--- INFORMATION PROVIDED ---

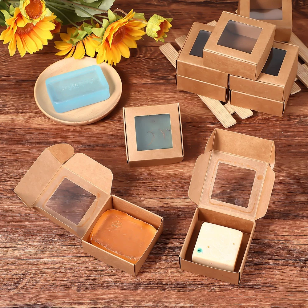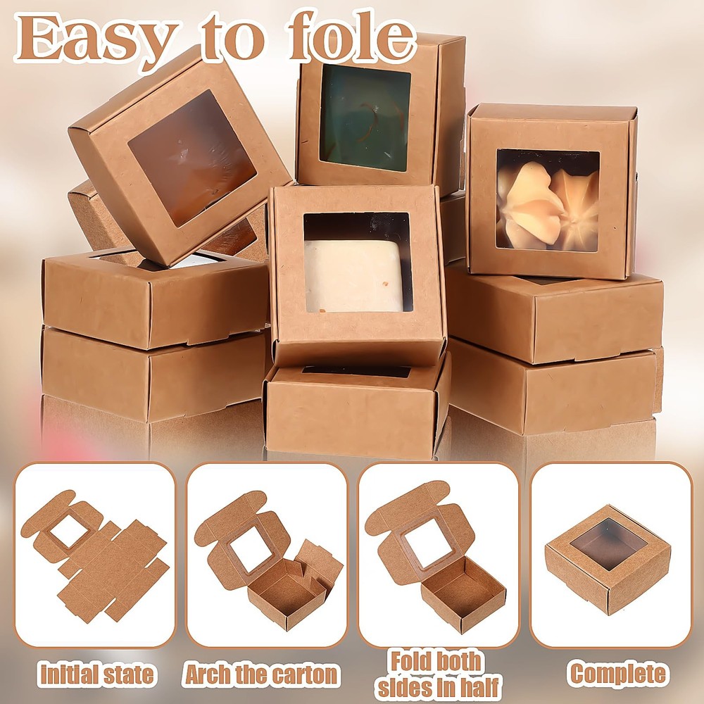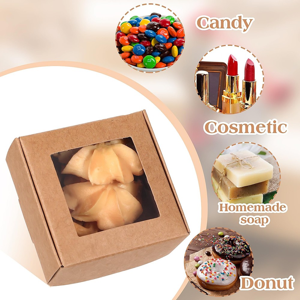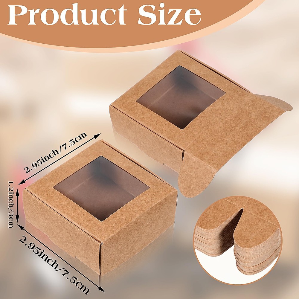 Easy to take around: When you want to go camping, picnic, graduation ceremony, and more outdoor activities, you can carry these mini shipping boxes to hold many foods without taking too much space, handy and portable. Bulk gifts: You can send these treat boxes to your classmates, teachers, family members, partners, and more that you cared on Christmas, Halloween, birthday and more. They will feel warm and surprised after receiving such delicate gifts. Specifications: Material: kraft paper Color: brown Size: approx. 2.95 x 2.95 x 1.2 inches Package includes: 100 x Kraft mini treat boxes Notes: Manual measurement, please allow slight errors on size. The color may exist a slight difference due to different screen displays. Sufficient Quantity: there are 100 mini cardboard boxes with rectangular windows, which can hold your handmade soap, candy, jewelry and more; Sufficient quantity can easily meet your daily use and replacement needs; Do not forget to share with others Clear Window Design: these soap packaging boxes are designed with transparent windows, allowing you to distinguish the items inside; In this way, you will find what you need more convenient and quickly Sturdy and Trustworthy: these rectangular brown boxes for gifts are made of quality kraft paper material, safe and reliable, strong and lightweight, reusable and tear resistant; You can also assemble them without other tools Compact Size: the external size of these small candy boxes for gift giving is about 2.95 x 2.95 x 1.2 inches after folding, which is enough to accommodate various small items, and they can be folded flat to save storage space, bringing you much convenience in daily life Extensive Application: these kraft gift boxes are not only suitable for packing soap, but also can be widely applied for packing candies, biscuits, chocolates, crafts, small gifts and cosmetic samples, suitable for various parties and celebrations
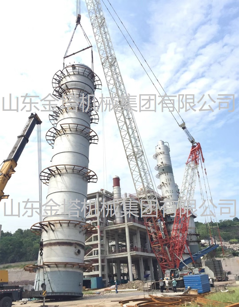 Early in 2018, our company has undertaken a single set of the largest domestic and most advanced technology, with an annual output of 600,000 tons of 27.5% hydrogen peroxide equipment. The employees of our company overcome the difficulties of large diameter, difficult construction, poor site conditions, etc., and the production process is exquisite. The three sets of key equipments such as drying column, extraction column and oxidation column of the unit are hoisted in one place.
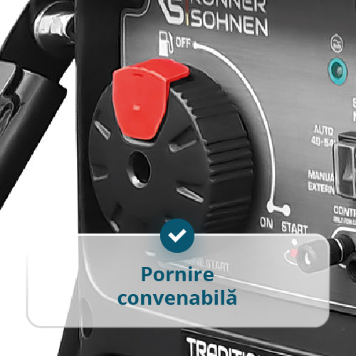 • Set de transport – mâner pliabil și roți, care permit deplasarea ușoară a generatorului și extind semnificativ posibilitățile de utilizare.
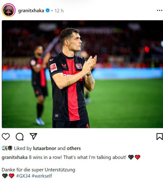 “Tetë fitore radhazi. Kjo është ajo për çka jam duke folur. Faleminderit për mbështetjen e madhe”, ka shkruar Xhaka në rrjetet sociale ish-futbollisti i Baselit, Borussia Monchengladbachut e Arsenalit.
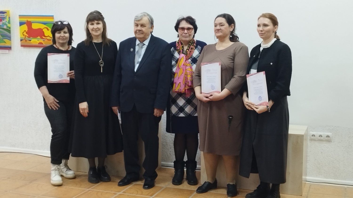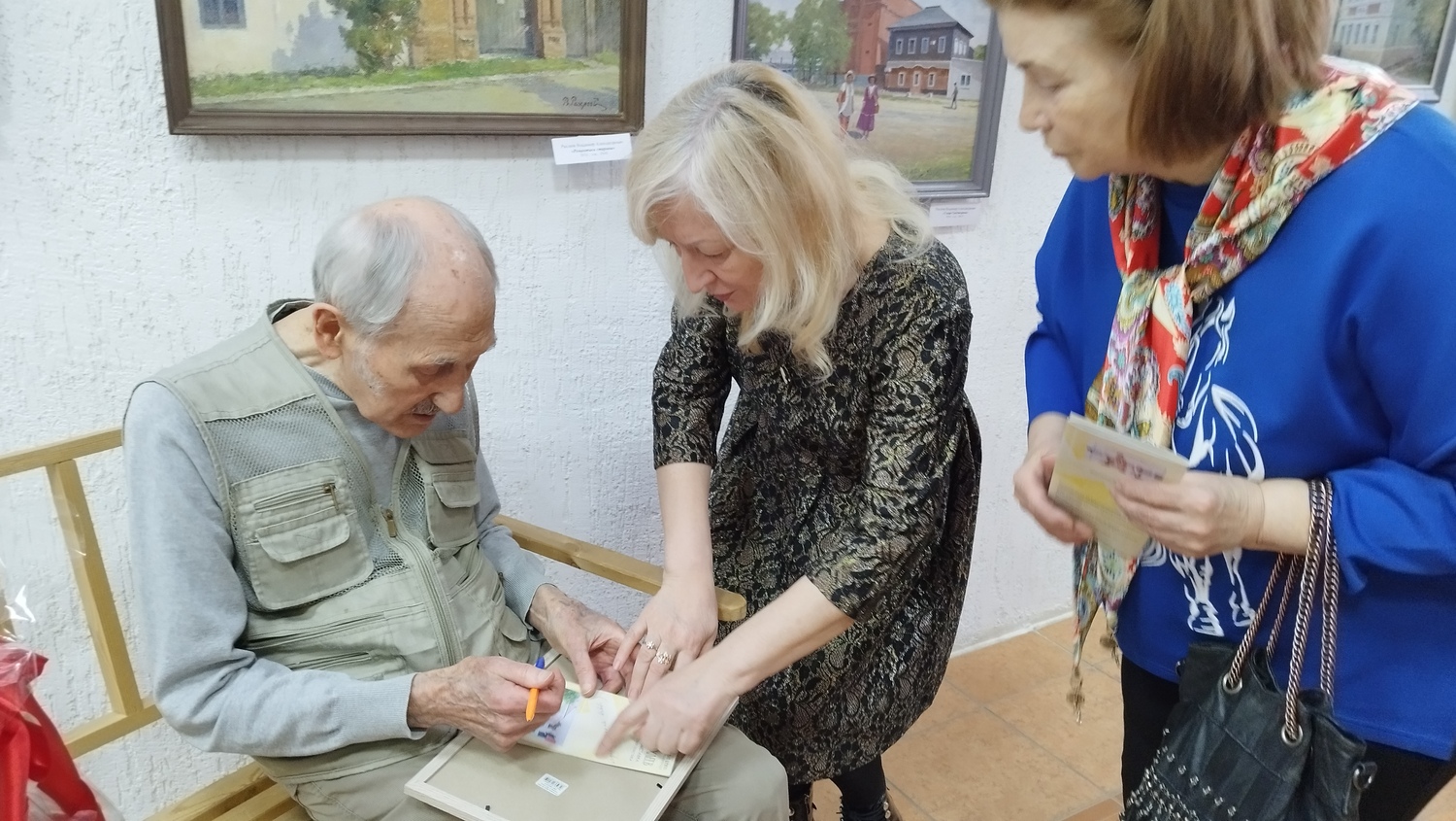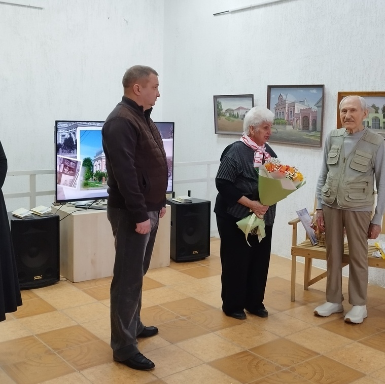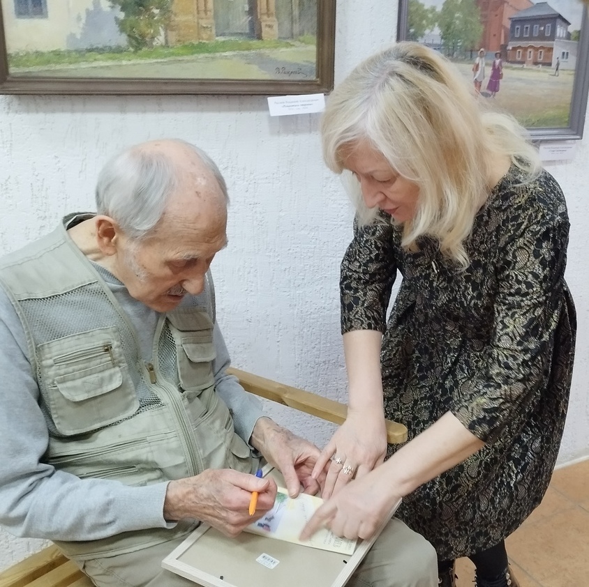 Заведующая музейно-выставочным центром Красноармейского района Надежда Безверхая вручает Александру Тимофеевичу Покатило Благодарственное письмо главы администрации Красноармейского района В.В. Короткова, добрые слова в адрес коллеги по художественному цеху звучат от художника Витола Дмитриевича Человского, благодарят своего наставника участники студии живописи и графики «Арт-Колор». Автограф-сессия… Выставка открыта.
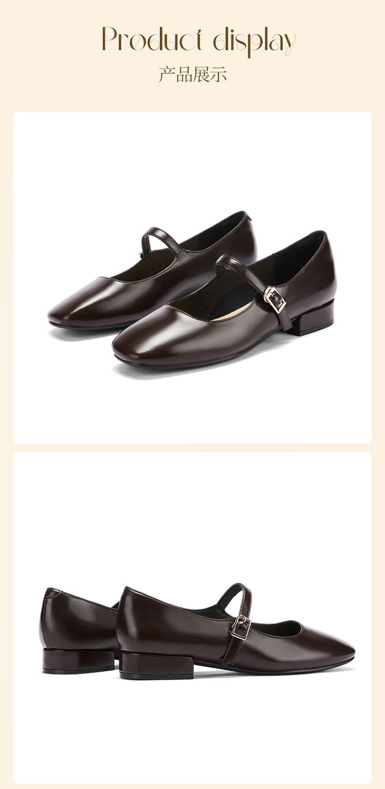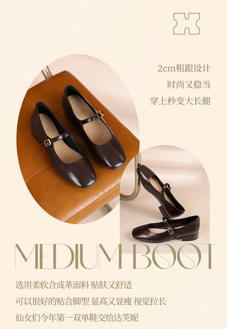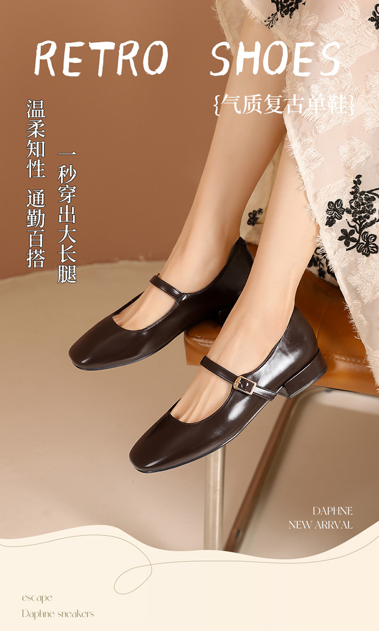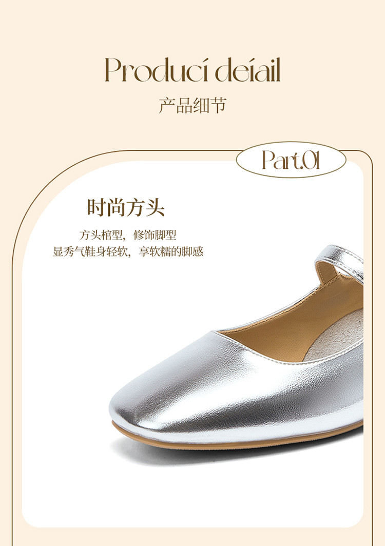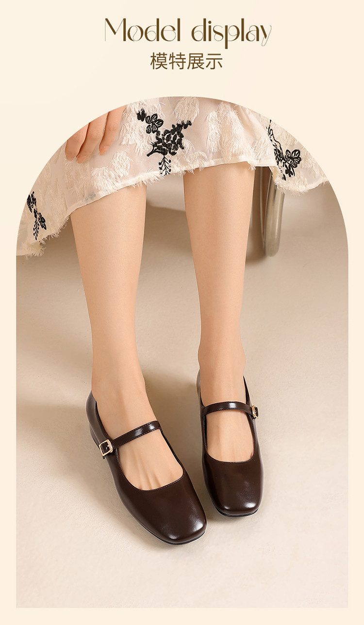 商品名称:法式时尚优雅通勤单鞋女春秋浅口芭蕾鞋中粗跟方头气质女单鞋 984474
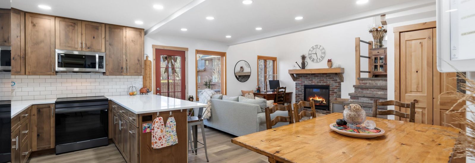 Beautifully updated Walden Pond twinhome in Rafter J, showcasing a new kitchen, refreshed flooring, and half bath. The expanded loft and three bedrooms offer generous living space, while the spacious, fenced backyard enhances the home's overall appeal. Ideally located in the quiet north end of Rafter J, this property is just a short walk from the Flat Creek walking trails and surrounding neighborhood open space, an inviting setting for those seeking comfort, convenience, and tranquility.
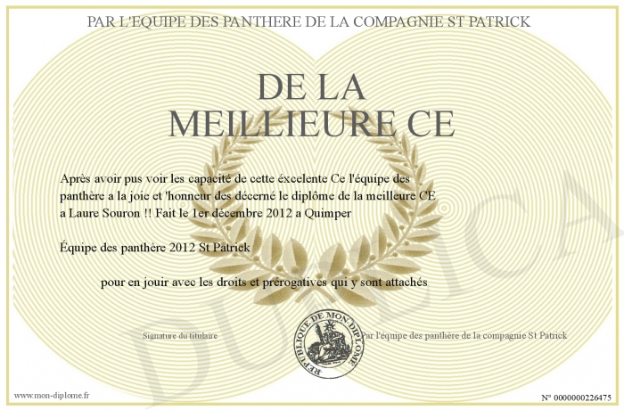 Envoyez par email votre De la meillieure CE personalisé
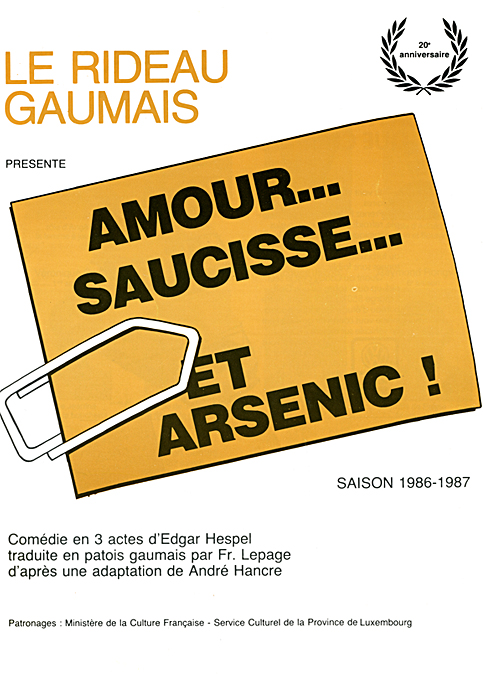 Amour saucisses et arsenic... (programme) Edgar Hespel Livret - programme de la pièce Le Rideau Gaumais, 1986. |
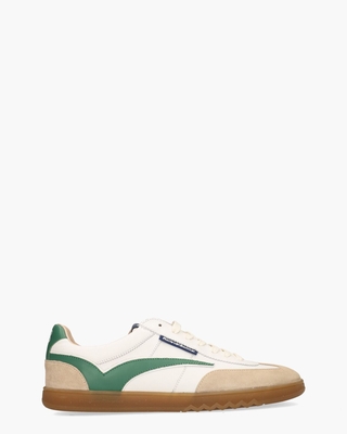 Deze herensneakers van Floris van Bommel, De Zaler 01.12/SFM-10224-50-01, zijn vervaardigd van hoogwaardig wit leer en beige suède afgewerkt met opvallende groene lederen belijning opzij en op de hielcap. De sneaker is voorzien van een lichtgewicht cupzool met een opvallend gummy zigzag-patroon aan de zijkant, wat zorgt voor de herkenbare FVB-stijl. De voering van de schoen is gemaakt van leer en het voetbed is uitneembaar. Branding vind je op de off-white mesh tong, aan de zijkant en op de hielcap. Gebroken witte katoenen veters, gekartelde afwerking en perforaties maken de vintage-look indoor sports sneakers compleet. Kleur: wit/multi. (Green) Schoenen van Floris Van Bommel hebben over het algemeen een iets ruimere pasvorm.
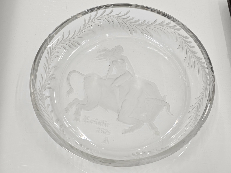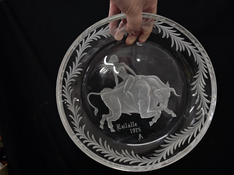 #118 Matti Okkolin, hienosti kaiverrettu taidelasimalja v. 1975
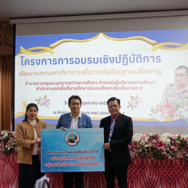 มอบเงินสนับสนุน การอบรมเชิงปฏิบัติการพัฒนาผลงานทางวิชาการฯ ตำแหน่งผู้บริหารสถานศึกษา และตำแหน่งศึกษานิเทศก์ สพป.เชียงใหม่ เขต 4
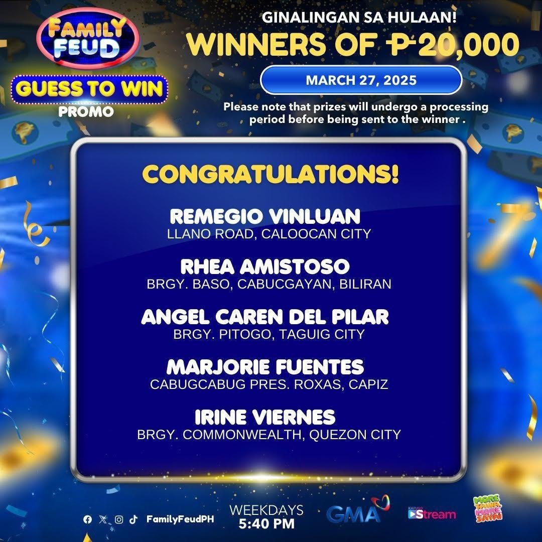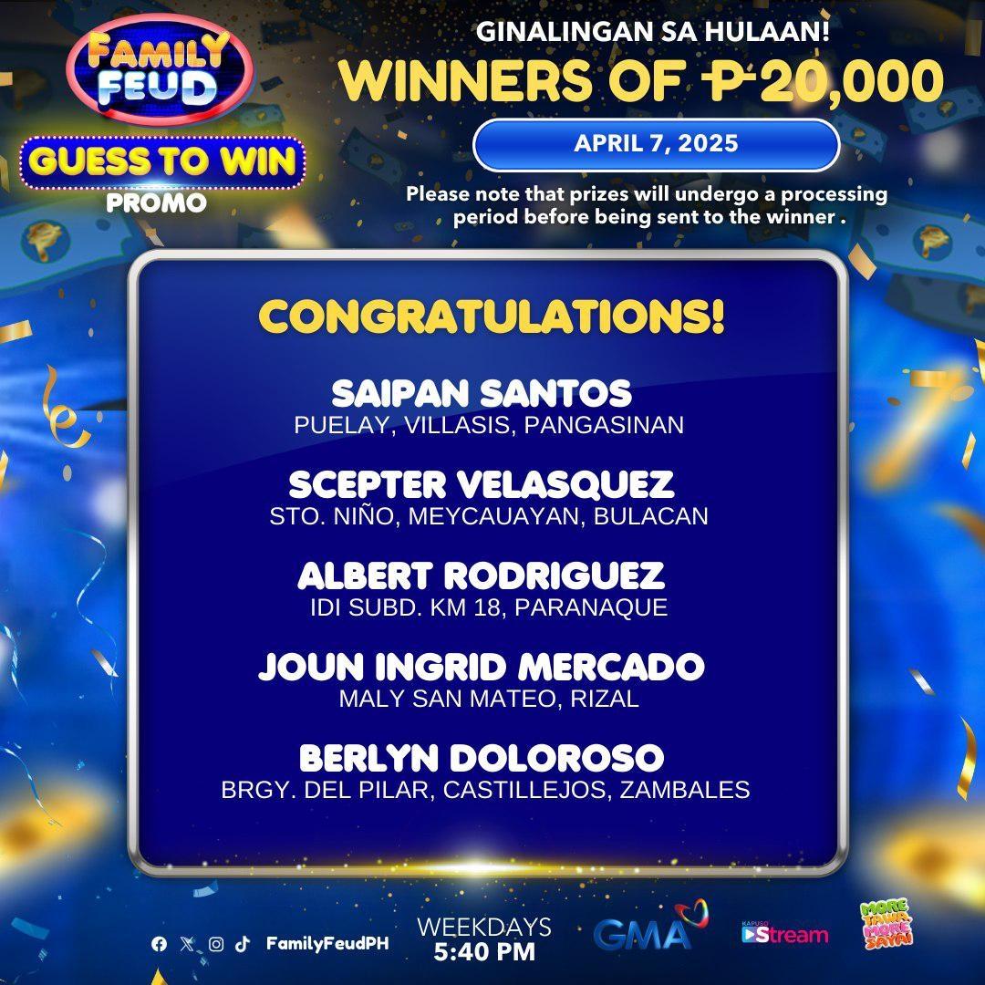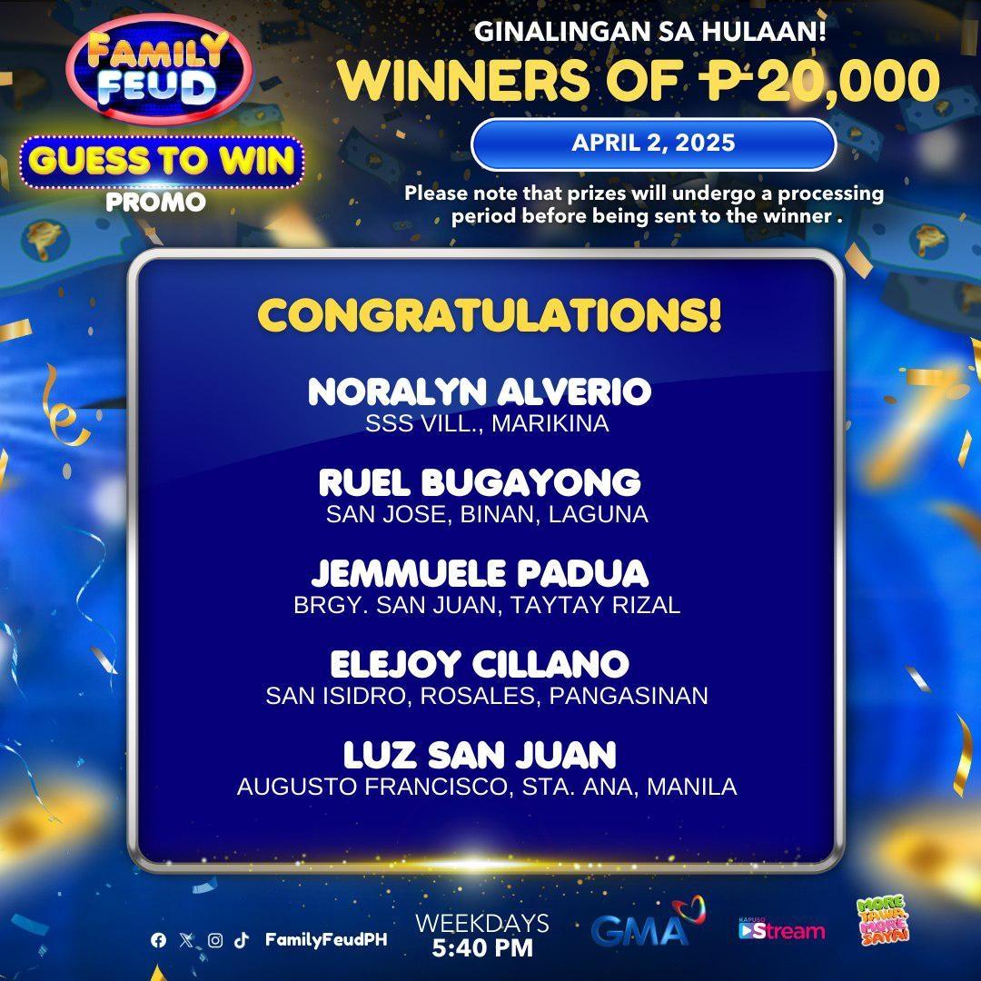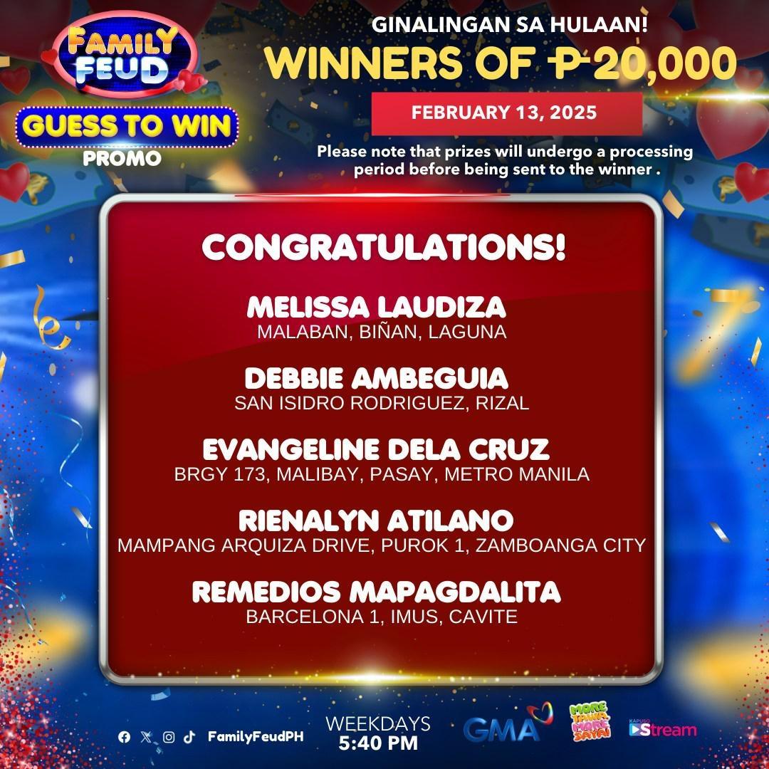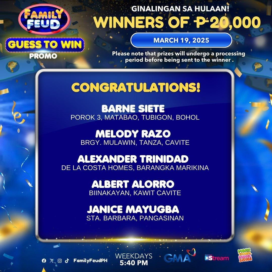 Narito ang mga listahan ng mga nagwagi sa Family Feud "Guess To Win" Promo.

---

- _WHAT NEEDS TO BE DONE_:
With pictures omitted, repeat the entries above word for word from the line holding "posibilitățile de utilizare." down to the line holding "商品名称:法式时尚优雅通勤单", keeping both of those lines.

- _WRITTEN ANSWER_:
 • Set de transport – mâner pliabil și roți, care permit deplasarea ușoară a generatorului și extind semnificativ posibilitățile de utilizare.
 “Tetë fitore radhazi. Kjo është ajo për çka jam duke folur. Faleminderit për mbështetjen e madhe”, ka shkruar Xhaka në rrjetet sociale ish-futbollisti i Baselit, Borussia Monchengladbachut e Arsenalit.
 Заведующая музейно-выставочным центром Красноармейского района Надежда Безверхая вручает Александру Тимофеевичу Покатило Благодарственное письмо главы администрации Красноармейского района В.В. Короткова, добрые слова в адрес коллеги по художественному цеху звучат от художника Витола Дмитриевича Человского, благодарят своего наставника участники студии живописи и графики «Арт-Колор». Автограф-сессия… Выставка открыта.
 商品名称:法式时尚优雅通勤单鞋女春秋浅口芭蕾鞋中粗跟方头气质女单鞋 984474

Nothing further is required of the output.